---
title: Training on large datasets
description: Describes sampling approaches that can be used when training on larger datasets.
---

# Training on large datasets {: #training-on-large-datasets }

<span style="color:red;font-size: 1rem"> `Robot 1`</span>

Hi Team&mdash;we've got a couple of questions from a customer around our data ingest limits. Appreciate if someone can answer or point me in the right direction.

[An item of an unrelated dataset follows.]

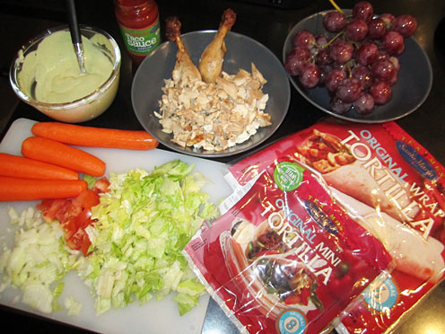 Jag köpte idag en färdiggrillad kyckling, minitrortillas till barnen, stora till oss vuxna, sallad och svängde ihop en guacemole (avocado, mini creméfraiche, örtsalt, citronpeppar & paprikapulver). Skalade också några morötter som är perfekta att gnaga på tills maten är klar eller dippa i överbliven guacemole. Till efterrätt åt vi STORA saftiga vindruvor som jag inte kunde låta bli i affären.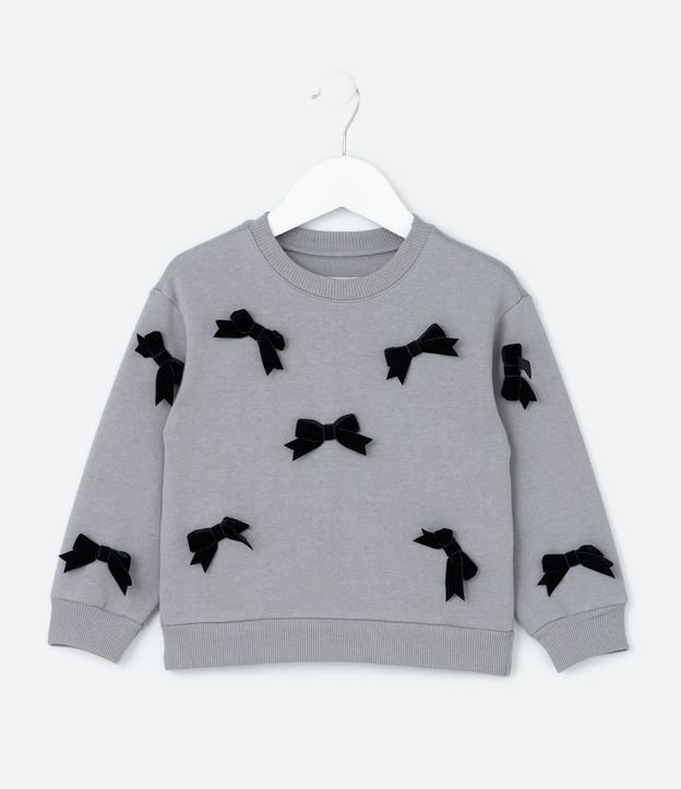Casaco Infantil com Lacinhos de Veludo Aplicados - Tam 1 a 6 Anos Cinza

**What are some good practices on how to handle AutoML and EDA for larger datasets?**

<span style="color:red;font-size: 1rem"> `Robot 2`</span>

We are still using this presentation based on my R&D work: 

!!! example "Presentation summary"

    **Background**

    The original training data converted from a SAS model has 21M records with 6425 features, the physical data size is about 260GB in CSV format. We want to feed in all 21M records with 960+ features, estimated data size will be about 40GB in CSV format.

    === "Dataset size"

        100GB: 99GB (training) + 1GB (external holdout)

    === "Environment"

        Self-managed: 96 CPUs, 3TB RAM, 50TB HDD
        
        SaaS: Cloud account with 20 modelling workers

    **Problem statement**

    Do we really need to train the model on a large dataset?

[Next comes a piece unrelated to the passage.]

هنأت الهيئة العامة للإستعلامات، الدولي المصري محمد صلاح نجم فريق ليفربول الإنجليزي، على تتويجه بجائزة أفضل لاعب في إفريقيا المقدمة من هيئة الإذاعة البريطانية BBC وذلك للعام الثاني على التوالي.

    **Divide and conquer approach**

    === "Option 1: Dataset sampling"

        1. Randomly sample the original dataset into sample of NGB.
        2. Run Autopilot.
        3. Deploy the recommended-to-deploy model (trained on 100% of the sampled dataset).

    === "Option 2: Feature sampling"

        4. Take a NGB sample, with all features.
        5. Run Autopilot.
        6. Run Feature Impact on the recommended-to-deploy model (trained on 100% of the sampled dataset).
        7. Use Feature Impact to select the features having impact more than 1%.
        8. Select those features (>= 1%) from the full dataset, and if the result is less 10GB, model all rows.
        9. If the result is > 10GB, randomly sample the dataset from Step 5 to 10GB.

    **Results**

    - Both divide and conquer approaches (dataset sampling and feature sampling) can challenge models trained on a full-size dataset.
    - Full-size trained model vs. dataset sampling: +1.5% (worst case) and +15.2% (best case).
    - Full-size trained model vs. feature sampling: -0.7% (worst case) and +8.7% (best case).
    - Feature sampling is suitable for datasets containing hundreds of features (or more) and can lead to models that are similar, or even superior, over all metrics (accuracy, training/scoring time) when compared to models trained on a full dataset.